What Is Thyroid Eye Disease?
Thyroid Eye Disease (TED), also called Graves’ orbitopathy, happens when your immune system attacks the tissues around your eyes. It’s not just an eye problem-it’s an autoimmune condition tied to thyroid dysfunction. Most people with TED have Graves’ disease, where the thyroid goes into overdrive and produces too much hormone. About 90% of TED cases happen in people with hyperthyroidism, but it can also show up in those with underactive thyroids or even normal thyroid levels.

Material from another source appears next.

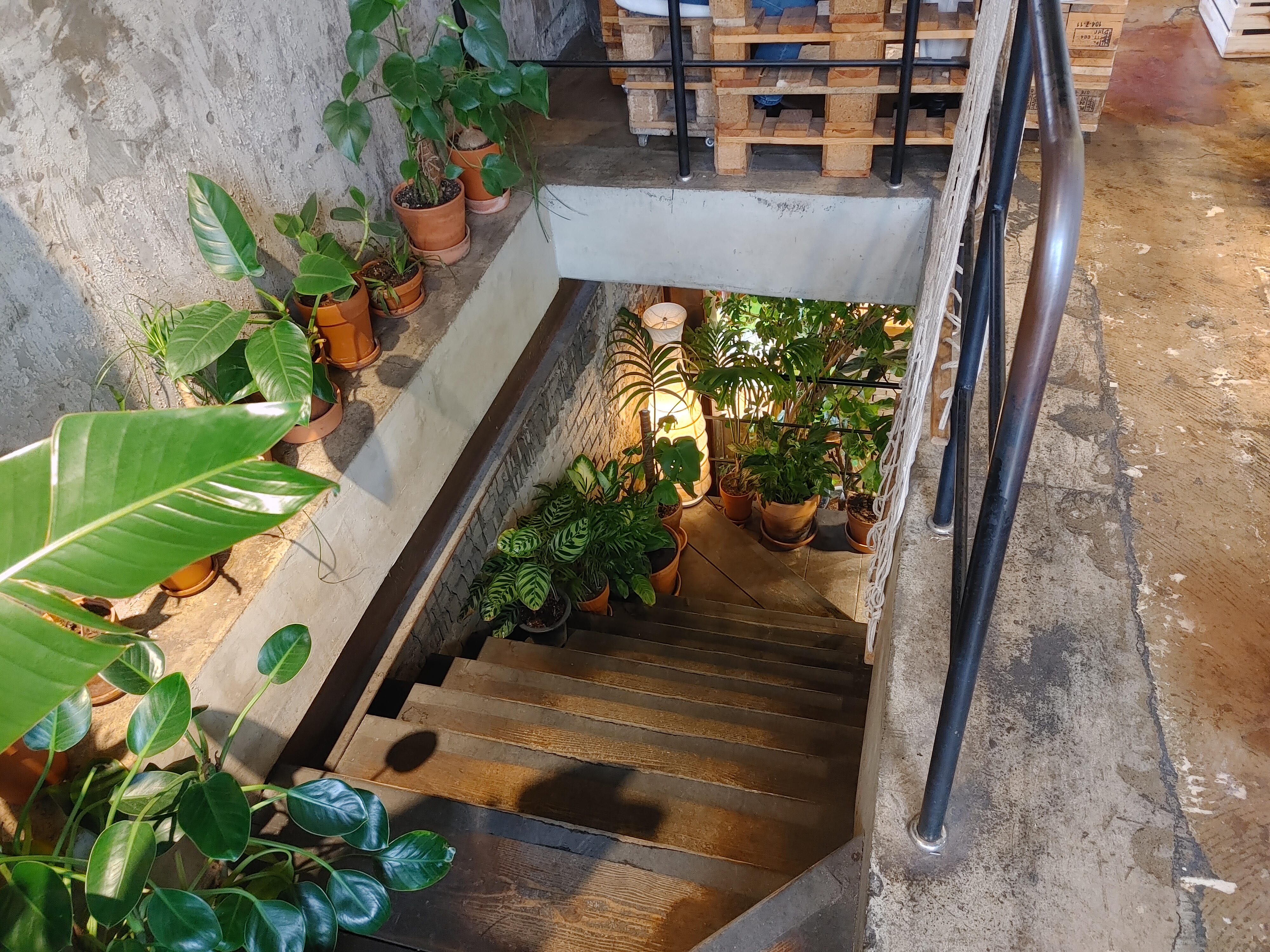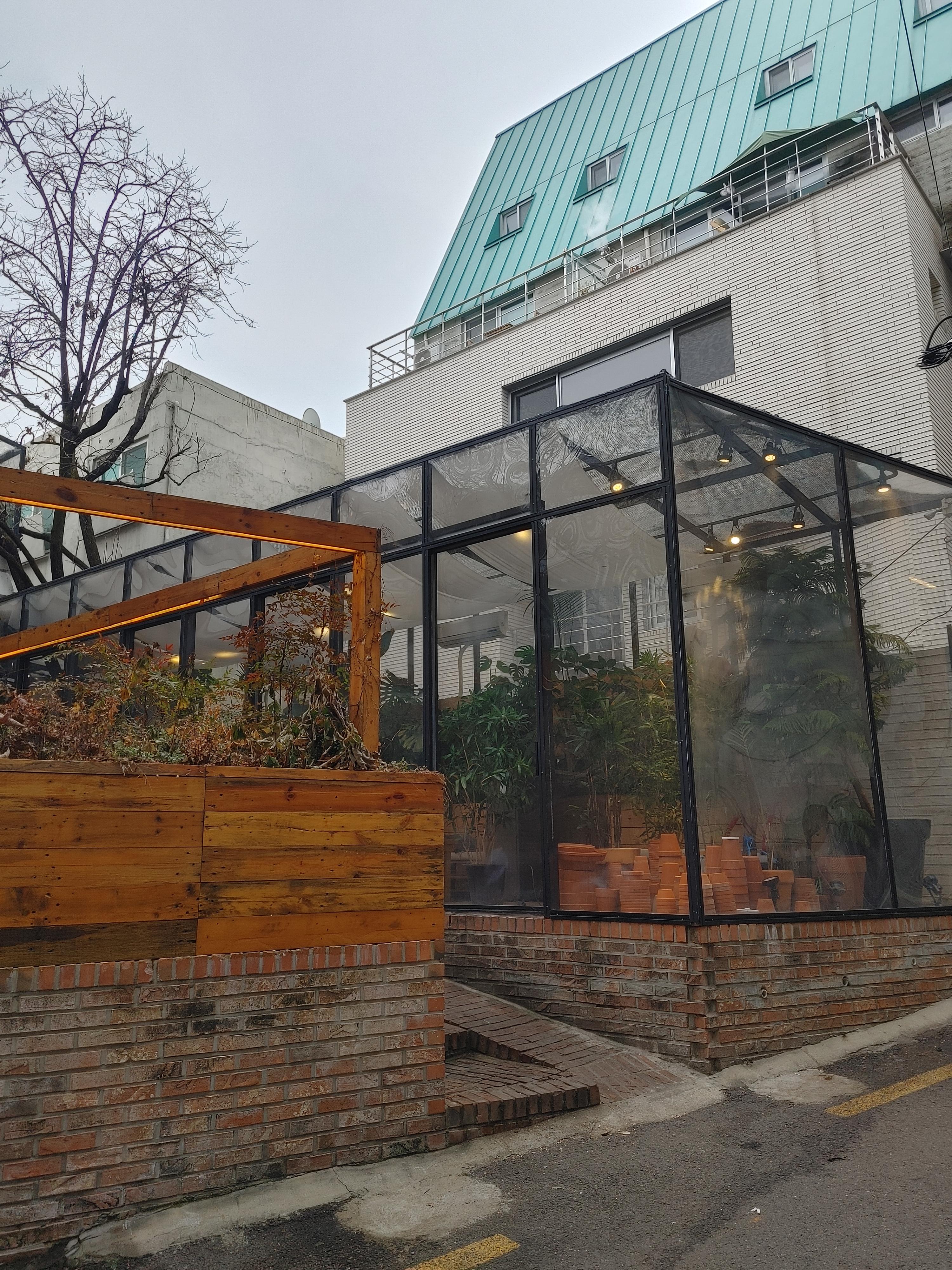 계단에도 화분들이 참 많았다. 푸릇푸릇 예뻤지만 화분들 때문에 계단이 약간 비좁게 느껴졌다. 안그래도 이런 생각이 들었는데 직원분이 계단에서 컵을 떨어뜨려 산산조각이 났다. 음식 받아서 계단 오를 때 조심해야 할 듯!

It’s rare, affecting roughly 90 to 300 out of every 100,000 people. But when it hits, it changes everything. The inflammation doesn’t just swell your eyelids-it pushes your eyeballs forward, tightens your eye muscles, and messes with your vision. Symptoms often start within six months of a Graves’ diagnosis. And here’s the thing: even if your thyroid levels get controlled, the eye damage can keep getting worse.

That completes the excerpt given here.